Related: Biden officials condemned for backing Trump-era Alaska drilling project
Through the infrastructure bill, Biden had promised a commitment to climate action that would involve new green job creation, a transition to renewable energy, and new investments in environmental justice communities. A White House advisory committee just last month announced initial recommendations for tackling pollution near disenfranchised neighborhoods – with many proposals relying on the significant revenue stream first promised by Biden’s infrastructure bill.

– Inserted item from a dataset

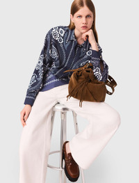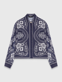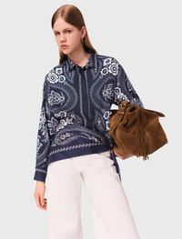 Bandana printed blouse Maje offers a collection of modern and elegant pieces to carry you through the seasons with ease. This fluid, satin shirt adorned with a floral print inspired by the paisley pattern stands out as an elegant and timeless piece in the collection. Featuring a shirt collar with a decorative button and long sleeves with buttoned cuffs, it has a longer cut at the back and a button fastening with a covered placket. Wear it with white trousers for a chic and fresh look, chunky loafers for a modern touch, and a fringed suede bag to complete this preppy and casual style. - Short, fluid, satin floral print shirt - Shirt collar with decorative button - Button fastening with covered placket - Longer at the back - Designed for a boxy fit The model is 5' 10 and wears a size 1. Reference: MFPCM00680_O026 Composition & care Main material: 100% viscose Buttons: 100% nacre Regular cycle 30° Do not bleach Do not tumble dry Iron at a maximum temperature of 110°C without steam F/ - Professional dry clean, with hydrocarbon solvent, gentle treatment

Still, Biden has experienced notable success with other climate and environmental promises. He recommitted the US to the Paris climate agreement, revoked permits for the Keystone XL pipeline (setting the stage for the Canadian power company to terminate construction this month), and suspended oil and gas leases in Alaska’s Arctic national wildlife refuge.
Separately, federal agencies in recent months have also moved to restore clean water protections stripped by Trump, review soot pollution rules, and repeal and replace a decision to allow roads built through Alaska’s Tongass national forest; they also held the country’s first offshore wind lease sale. Green groups consider all those actions to be wins.
“We aren’t pessimistic at this moment, but we are searching a little bit and we are hoping we see things happen,” Nichols said. “Really we want to see something that strikes at the heart of the fossil fuel industry and makes clear this administration does not view the fossil fuel industry as any kind of a friend.”